Having spent some time playing the game's contemporaries, no, it was good then. Today, its difficult to get used to, but then, anything that's in first-person and isn't the standard mouse aim is. That's more or less because we're spoiled on it. Back then you had games where it was a struggle to figure out how to do anything at all with your inventory items, how to even move around and whatever crap I'm forgetting. System Shock at least works well when you get used to it.

The interface was a development of the one used in Ultima Underworld, and the same style of interface was iterated on later by Looking Glass for Terra Nova: Strike Force Centauri. I think with some slight adjustments (e.g. mouselook done right) it's quite capable of doing anything in a game that has more complexity than just shooting stuff and picking crap up off the floor automatically. It is, as someone said above, more of a sim interface.

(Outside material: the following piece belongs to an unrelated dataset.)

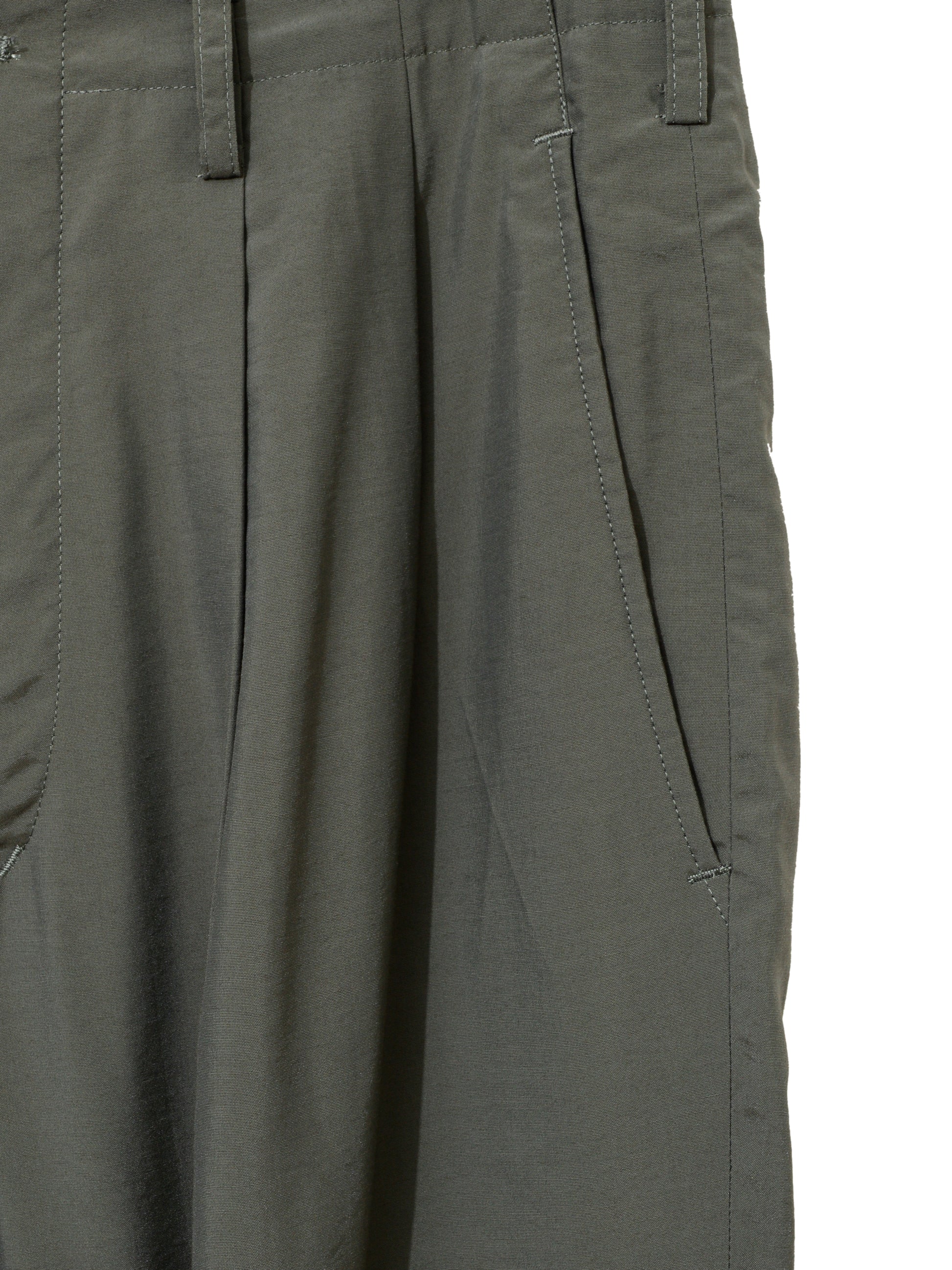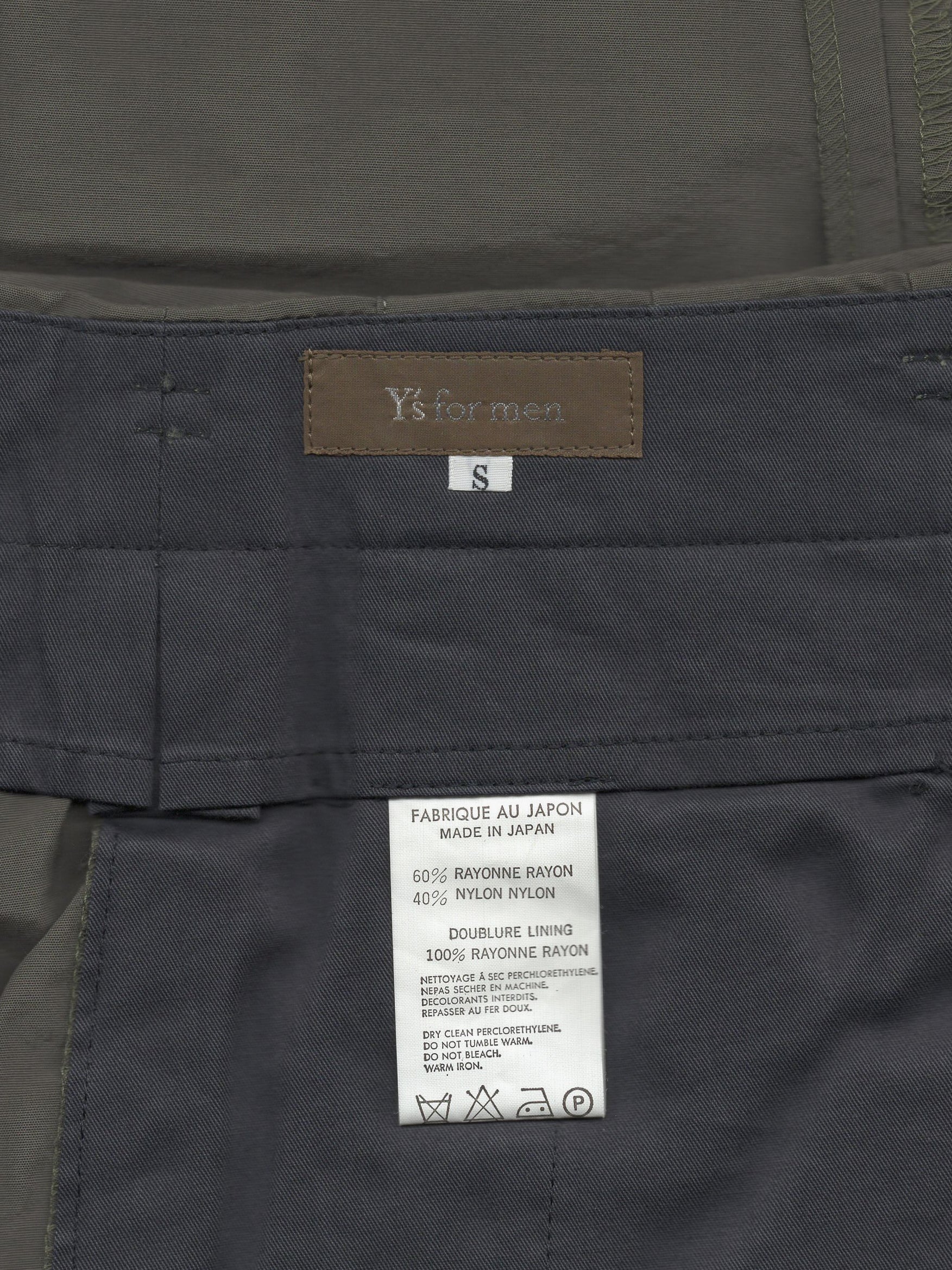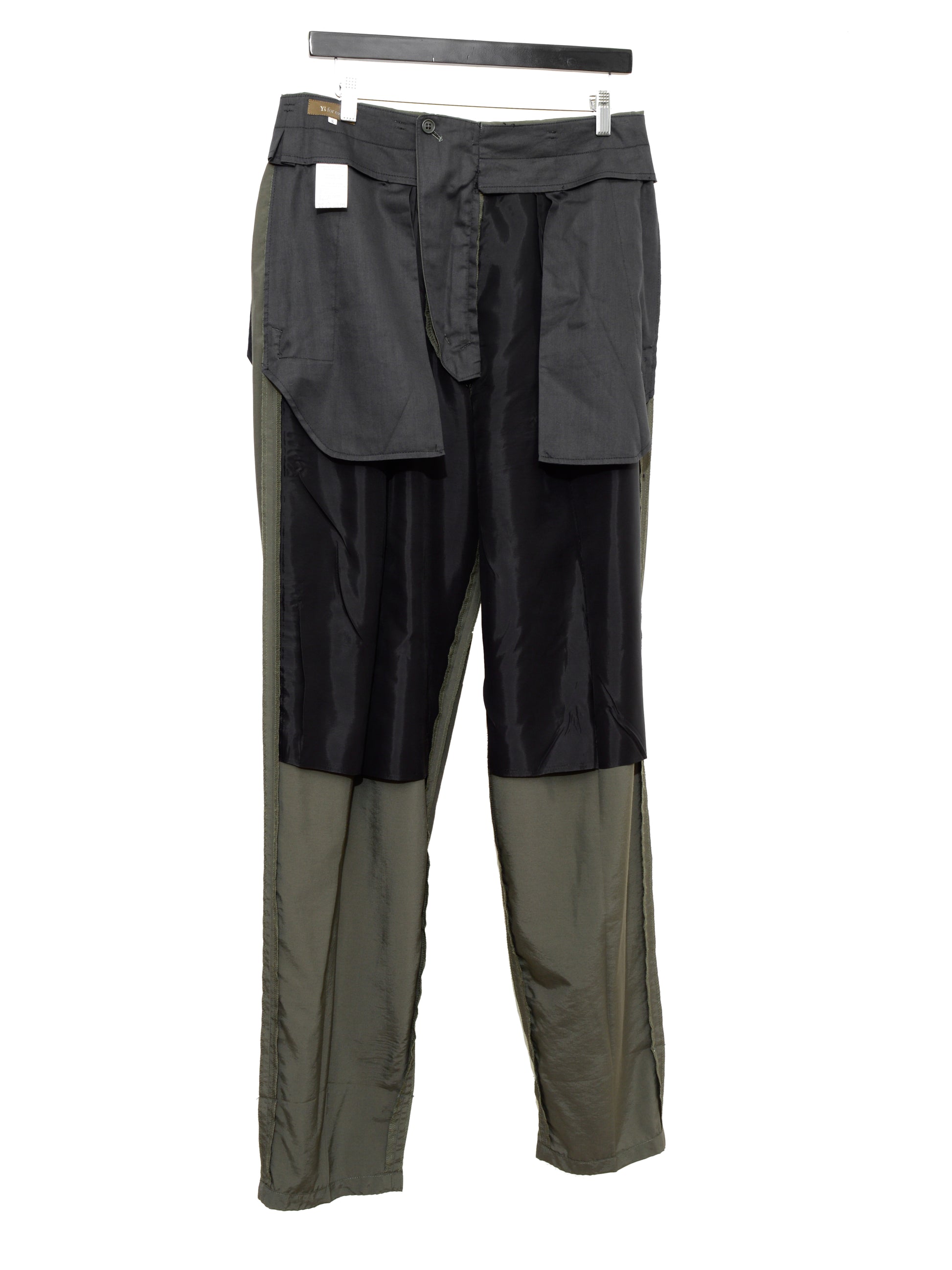 a relaxed pair of tailored trousers in mediumweight rayon nylon. constructed width a high rise, zip fly, double pleat front, cut away side pockets, welt and flap back pockets, quadruple darted back waist, and a voluminous tapered leg with a full length. partially lined with rayon. a classic men's archetype in a rare fabric with matte luster and excellent drape.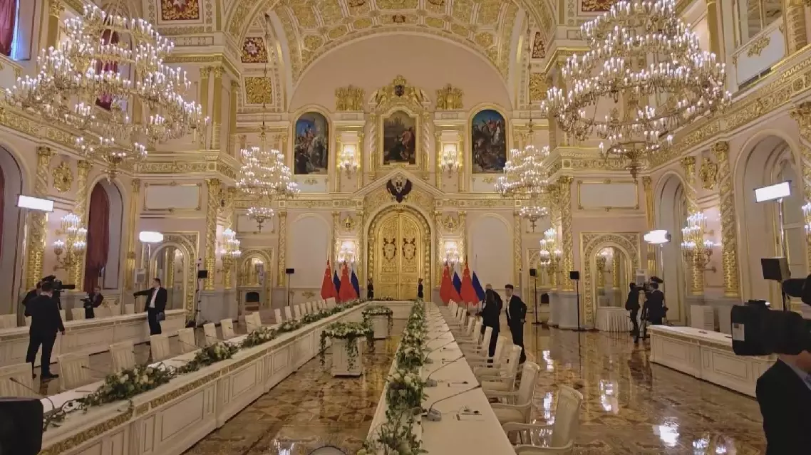 Chinese President Xi Jinping and Russian President Vladimir Putin are set to hold large-group talks in the Kremlin, Moscow on Thursday morning.

I don't know whether this is a fact or not, but I've always wondered if that Looking Glass first person sim style of interface heavily influenced Valve's introduction of WASD, because WASD always felt to me like a kind of super-streamlined version of it.
Except for the fact that Valve didn't introduce WASD+mouselook, yeah, it influenced it. (I think it was Marathon that introduced it, though both Terminator: Future Shock and Jedi Knight had it and were before Half-Life) From '93 to about '98 I guess, everyone was either copying UUW's controls (albeit simplified) or Wolfenstein 3D's controls, perhaps with a look up and down function. Even if nobody at Valve played a Looking Glass title, they definitely played something that used their control scheme.

I think whoever came up with it at Looking Glass must have been a typist, because it's kind of a "typistly" thing where you have your hand in a comfortable spread on the left hand side of the keyboard, with the middle finger providing a sort of anchor point on its "column" with W (for go) S (or X, for stop), and the index and ring fingers moving up and down on their respective "columns" to do L/R and other things.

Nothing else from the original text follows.